4 min readUpdated Mar 2, 2026

LearnedKnowledgeFeed

Overview

The LearnedKnowledgeFeed component in the Vantage platform is designed to present auto-learned knowledge entries derived from user interactions and conversations. This component displays these entries along with functionalities to approve, reject, edit, and manage the knowledge base snippets. It enhances the user's ability to monitor AI-learned insights efficiently and ensures that the knowledge base remains relevant and accurate by allowing for manual oversight of entries generated by the AI.

Settings

The LearnedKnowledgeFeed component has one primary configurable setting:

1. canManageOrgSnippets

How It Works

Upon rendering, the LearnedKnowledgeFeed component performs the following core functions:

  1. Data Fetching:

    • It makes an API call to fetch the knowledge entries, filtering them based on their current status (pending, approved, rejected) and collecting up to 50 results at a time.
  2. Entry Management:

    • Users can approve, reject, or edit knowledge entries:
      • Approve an Entry: Updates the entry's status to 'approved'.
      • Reject an Entry: Updates the entry's status to 'rejected'.
      • Edit an Entry: Allows users to modify the text of a knowledge entry and automatically sets the status to 'approved' upon saving changes.
  3. Display and Interaction:

    • The component presents a UI with filter tabs for entries based on their status and displays counts of pending, approved, and rejected items.
    • It features loading indicators during data fetching and updates, ensuring users are always aware of the component's state.
  4. Aggregated Actions:

    • A button is provided to approve all pending entries simultaneously, which is useful for bulk management of knowledge snippets.

Data Expectations

The LearnedKnowledgeFeed component expects the following data structure from the API:

AI Integrations

The LearnedKnowledgeFeed leverages AI capabilities by automatically learning and generating knowledge entries from user interactions.
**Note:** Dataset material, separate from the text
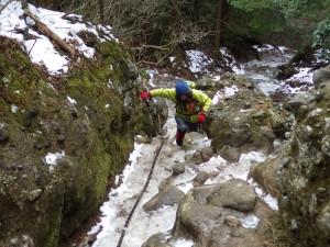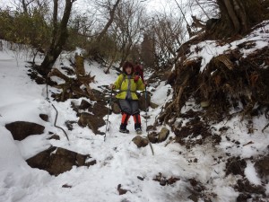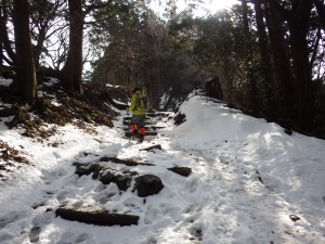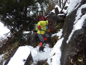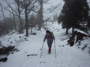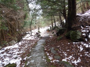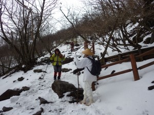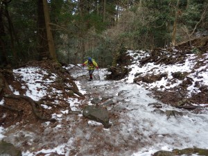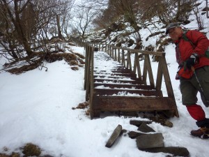 | 木の階段をクリア | 凍結して滑りやすい | 修験者の方と少し話を |

The AI continuously refines its understanding based on feedback from approved, rejected, and edited snippets, creating a dynamic learning environment that improves over time.

Billing Impacts

While the use of the LearnedKnowledgeFeed itself does not directly affect billing, it is essential to consider the following aspects in relation to potential costs:

  1. API Usage: Frequent API calls to fetch snippets and update statuses could result in increased usage of API credits if the platform implements a charge based on API call volume.

  2. Data Storage: The number and size of stored user interactions and learned snippets may influence storage costs, especially in high-traffic environments.

  3. User Licenses: Depending on the level of access and functionality available, the number of users who can manage snippets may impact licensing fees.

Use Cases & Examples

Use Case 1: Knowledge Management in Customer Support

Scenario: A customer support team utilizes the LearnedKnowledgeFeed to manage AI-generated insights from customer interactions. Customer inquiries are logged, and the AI learns common responses and solutions.

Use Case 2: Continuous Improvement in Product Training

Scenario: In a product training environment, educators use the LearnedKnowledgeFeed to review AI-generated notes and responses provided to trainees, ensuring that the context and accuracy of information are maintained.

Use Case 3: Content Moderation for AI-Generated Suggestions

Scenario: Content managers review AI-generated suggestions that are displayed via the LearnedKnowledgeFeed. They can approve well-structured content and reject entries that do not align with brand standards.

Example Configuration

To configure the LearnedKnowledgeFeed for a customer support implementation:

javascript
<LearnedKnowledgeFeed canManageOrgSnippets={true} />

In this configuration, the customer support team members can approve, reject, and edit AI-learned responses, enabling them to refine and maintain a high-quality knowledge base as they interact with users. This setup allows for real-time insights into customer needs while ensuring that the AI continues to learn and adapt based on feedback.